The standard layouts all provide lines of text with bullets. The bullets are easy to change but not very easy to get rid of! So, unless you really want to remove them, leave them alone.
The size of text may appear large but it is probably about the size you should use to ensure that people can read a slide at some distance away. Always type text into slides. Do not copy and paste text in. There are two good reasons for this: firstly, pasted text will often contain all sorts of weird formatting which may have been necessary in Word or on a web site but which simple doesn’t work on a slide and can mess up Master Slide changes or options for using Slide Designs later. Secondly, chunks of text in other types of documents will invariably be complete sentences or long paragraphs – fine for notes but not at all attractive as bullet points.

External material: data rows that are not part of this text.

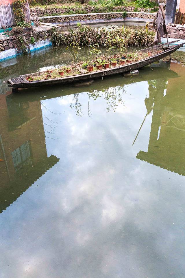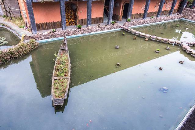 民宿不是很大,三栋建筑环绕式围成,中间的水塘里鱼群欢游,形成了居景合一的设计形态。
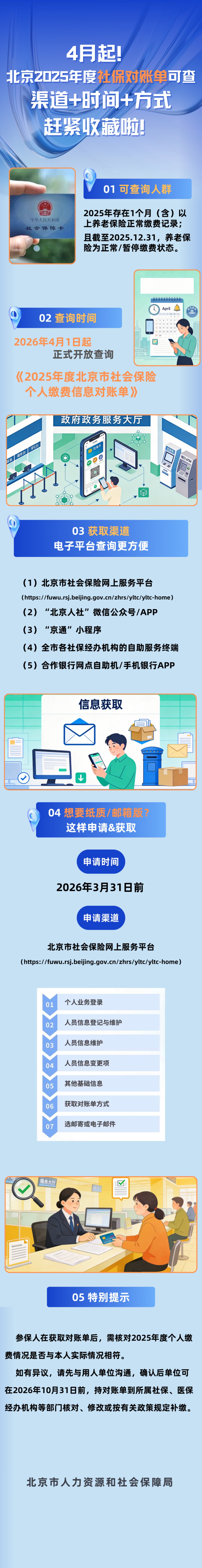4月起可查询北京2025年度社保对账单了。谁能查、怎么查、查什么?一图读懂!
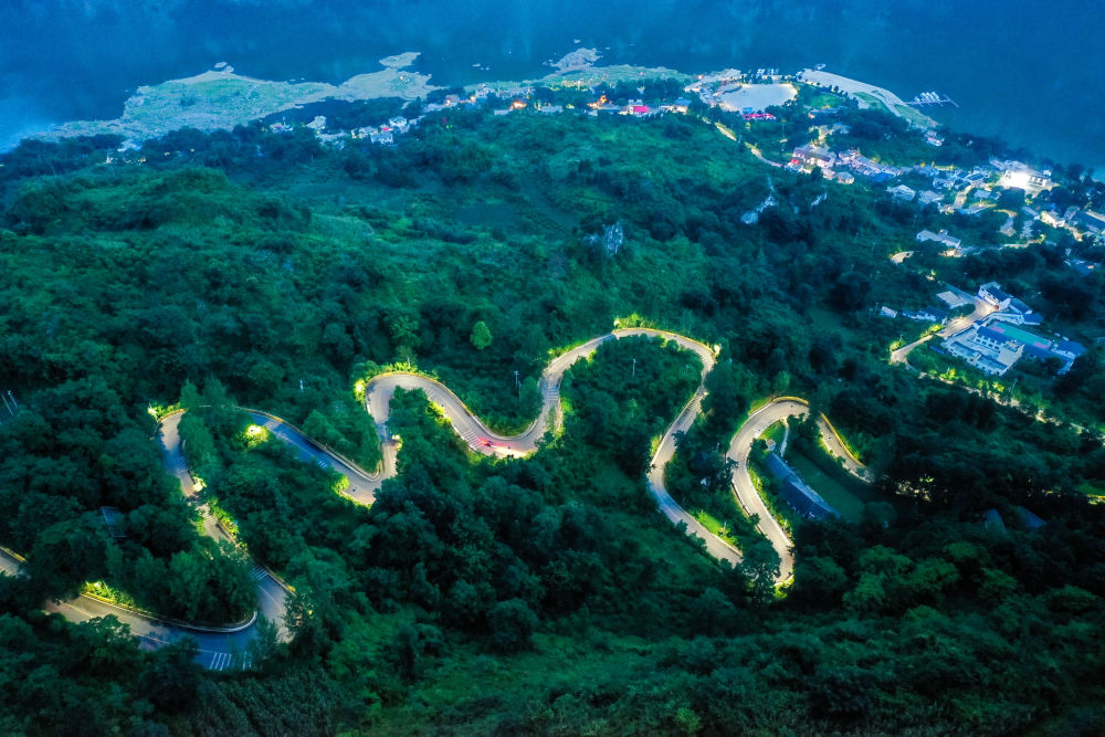 ↑2021年12月30日拍攝的張家口賽區(qū)國(guó)家越野滑雪中心的夜景(無(wú)人機(jī)照片)。

Your audience will never read large chunks of text on a slide. This is just bad practice – if you want to supply them with reading text then just hand it out or put it on a web site somewhere. You may wish to recite a few paragraphs, of course, but read that from your notes, not the screen.
The only exceptions to this rule might be where study of the actual wording of something like a government regulation or section from a publication is, itself, the point and displaying that is OK. However, the golden rule still applies: if text to be read at a distance doesn’t fit on the slide at font size of about 18 then it’s not suitable for a presentation slide. Use two slides or, preferably, make an effort to précis it.
Notes
A greatly under-used feature of PowerPoint is its Notes pane. Use View | Notes to display this (it appears below the slide). This is where you can put the full text of what you’re presenting and additional comments, links, references etc.

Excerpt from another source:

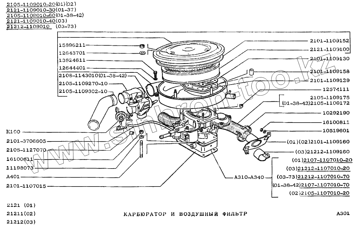 Каталог запасных частей к технике: ВАЗ-2121 (NIVA). Карбюратор и воздушный фильтр
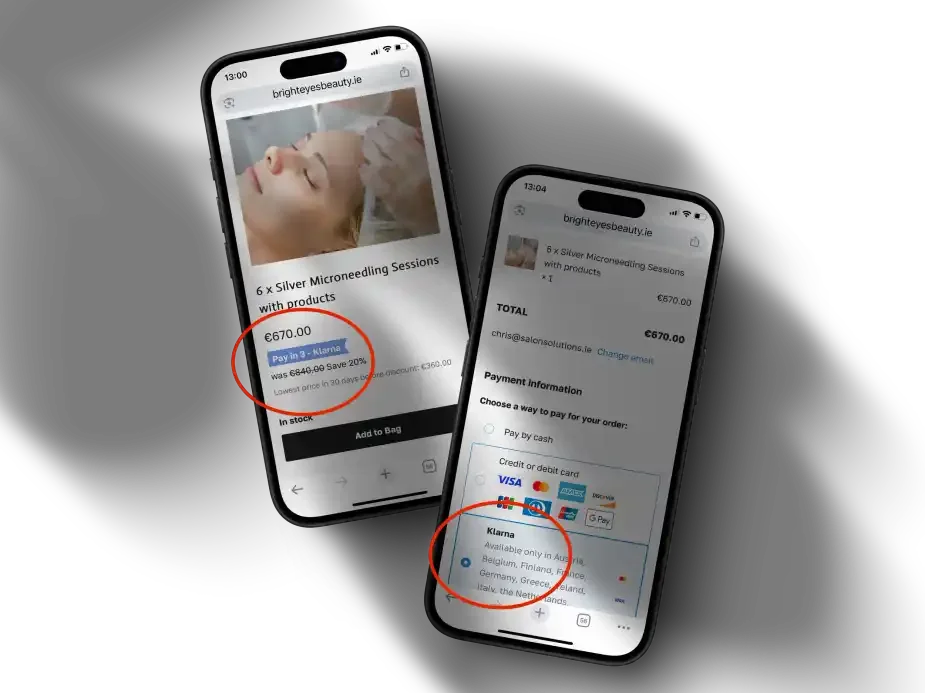 Our shops have klarna installed as standard. This service allows clients to spread the cost of expensive products and treatments over 3 payments. This means that your clinic’s services are more accessible to a wider group of clients who ordinarily would not be able to afford them, leading to an increase in revenue for your clinic.

Although the popular handout is the six-pack, or the three mini slides + space for notes, the Notes pages can be printed and may provide a more detailed and legible resource for future reference. they do, however, require rather more work to produce and if you are just using PowerPoint to introduce a topic or facilitate discussion then they would not be appropriate.
One particular advantage of using Notes, however, is that just one slide is printed per page which tends to make you think about how necessary all those additional slides really are and, of interest to those concerned about minimising printing ink, this may make people think twice about whether they really need either to produce full colour slides as opposed to simple backgrounds or make users think a little about whether they really need to have a hard copy anyway.
Copying and pasting into the Notes panel is in order, by the way, and can often be a better solution than circulating a separate Word document.